Orlando Furioso, Canto I


- Come tutti i poemi epici l’Orlando Furioso inizia con un proemio. Nella prima e
seconda ottava troviamo la protasi, ovvero la presentazione dell’argomento, e
l’invocazione ad Alessandra Benucci, la donna amata, nella terza e quarta la dedica
al cardinale Ippolito d’Este, fratello del duca Alfonso e signore di Ariosto;
- Ruggero il cavaliere di cui si parla nella quarta ottava è un eroe saraceno che si
converte al cristianesimo e sposa Bradamante, dal loro matrimonio avrà origine la
casata degli Estensi;
- Il poeta spera che la sua donna, che ha quasi fatto impazzire anche lui, gli conceda
di portare a termine l’opera. La dedica è ad Alfonso d’Este, cardinale, fratello del
duca di Ferrara Alfonso I d’Este e signore di Ariosto; il poeta spera che egli sappia
apprezzare l’opera. In essa si lodano le imprese di Ruggero, capostipite degli
Estensi;
- L’azione ha inizio sul campo di battaglia “sotto i gran monti Pirenei”, da una parte
l’esercito cristiano di Carlo Magno, dall’altra gli infedeli, guidati da Marsilio, re di
Spagna, e Agramante, re di Africa. Ma Orlando e Rinaldo, i più valorosi cavalieri
dell’esercito cristiano, non pensano alla battaglia, ma ad Angelica, la bella
principessa, che Orlando ha condotto dal lontano Oriente e di cui entrambi sono
innamorati. Il re Carlo per convincere i due a combattere ha affidato la principessa
al vecchio duca Namo di Baviera, promettendola a chi dei due avesse ucciso in
battaglia più nemici;
- Quel giorno però l’esercito cristiano viene sconfitto, il duca Namo viene preso
prigioniero e Angelica rimasta sola nella tenda, balza in sella a un cavallo e fugge;
- Entra in un bosco e incontra un cavaliere, vestito di tutto punto, con corazza, elmo,
lancia e scudo che corre a più non posso. Angelica lo riconosce subito e più veloce
di una pastorella di fronte a un serpente velenoso, si ferma e volta indietro il
cavallo.
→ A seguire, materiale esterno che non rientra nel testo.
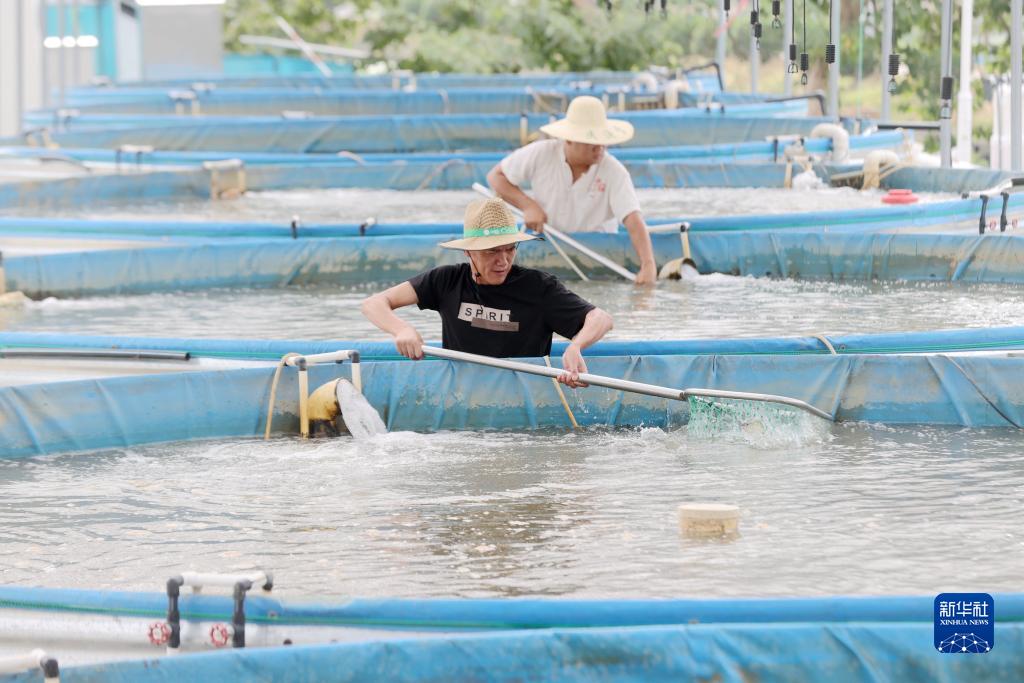 8月22日,在德清縣下渚湖街道和睦村“數字漁倉”養殖基地,工人在進(jìn)行日常養護作業(yè)。
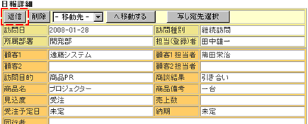 [訪問日]欄の日付をクリックすると、「日報詳細」画面が表示されます。

È Rinaldo, signore di Montalbano, a cui poco prima era fuggito il cavallo
Baiardo; anche lui ha immediatamente riconosciuto Angelica, la bella donna che lo
tiene prigioniero nella rete di Amore;
- Angelica fugge “a tutta briglia” per la selva, senza più guidare il cavallo, lascia che
sia l’animale a farsi strada. Dopo lungo girare giunge a un fiume, dove vede un
cavaliere tutto sporco e sudato. È Ferraù, un nobile cavaliere saraceno anche lui
innamorato di Angelica; per lei ha sfidato Argalia, fratello di Angelica, e lo ha ucciso
prendendogli l’elmo; ora sta cercando nel fiume proprio l’elmo che gli è caduto
mentre beveva. Angelica arriva gridando forte e Ferraù la riconosce subito anche
se è pallida e turbata per la paura. Sguainata la spada, come se avesse in testa
l’elmo, che invece ha perso nel fiume, il prode cavaliere corre minaccioso verso
Rinaldo. Iniziano a combattere dandosi colpi fortissimi che neppure un’incudine
reggerebbe;
- Intanto Angelica fugge (ottave 14-17).
- Dopo aver combattuto per un bel po’ Rinaldo si rende conto che qualcosa non va,
mentre loro combattono “la bella donna … se ne va via”, meglio prima prenderla e
poi decidere con la spada di chi debba essere. Ferraù accetta la proposta e i due,
montati insieme sullo stesso cavallo, si mettono alla ricerca della bella Angelica.
Sono rivali, hanno fedi diverse, sono tutti dolenti l’uno per i colpi dell’altro e se ne
vanno tranquilli insieme per la selva oscura;
- Arrivano a un bivio e non sapendo quale strada abbia preso Angelica, si separano e
ciascuno prende una via. Dopo lungo girare per il bosco, Ferraù si ritrova al punto
di partenza sul fiume e riprende a cercare l’elmo perduto.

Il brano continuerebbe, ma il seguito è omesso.